From the records below, please print only the lines from the one containing "Lot Details: All" through the one containing "Grab your besties", both included. Skip the pictures.

## PROVIDED RECORDS
──────────
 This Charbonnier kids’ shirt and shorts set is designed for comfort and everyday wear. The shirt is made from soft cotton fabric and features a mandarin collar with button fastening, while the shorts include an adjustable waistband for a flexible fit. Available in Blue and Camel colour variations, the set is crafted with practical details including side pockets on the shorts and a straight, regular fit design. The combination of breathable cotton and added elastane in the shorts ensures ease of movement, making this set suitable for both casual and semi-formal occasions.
──────────
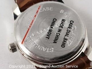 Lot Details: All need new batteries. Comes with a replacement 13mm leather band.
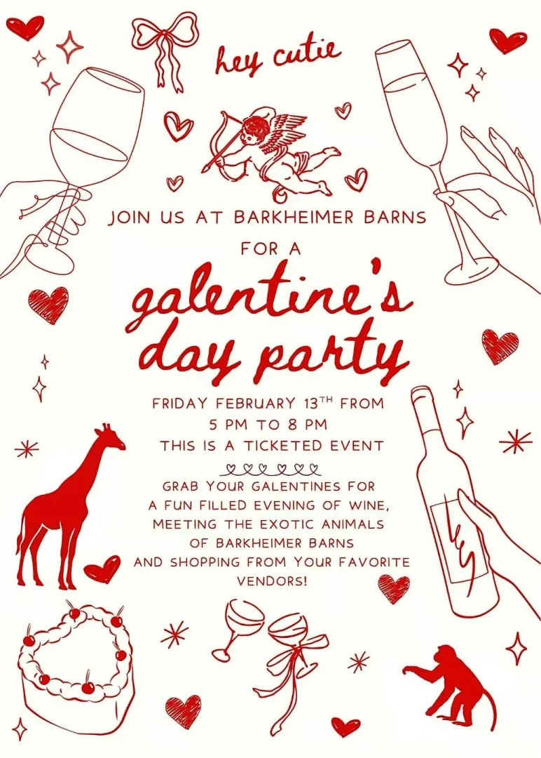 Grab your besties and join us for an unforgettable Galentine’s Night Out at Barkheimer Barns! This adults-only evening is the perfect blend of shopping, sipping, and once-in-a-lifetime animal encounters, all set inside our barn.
──────────
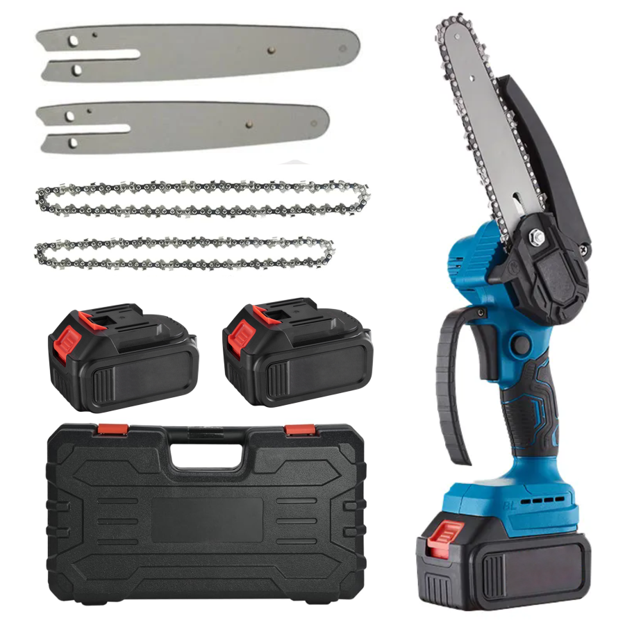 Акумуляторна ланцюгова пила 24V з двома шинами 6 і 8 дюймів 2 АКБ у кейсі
──────────
## RESULT FOR THIS EXERCISE
 Lot Details: All need new batteries. Comes with a replacement 13mm leather band.
 Grab your besties and join us for an unforgettable Galentine’s Night Out at Barkheimer Barns! This adults-only evening is the perfect blend of shopping, sipping, and once-in-a-lifetime animal encounters, all set inside our barn.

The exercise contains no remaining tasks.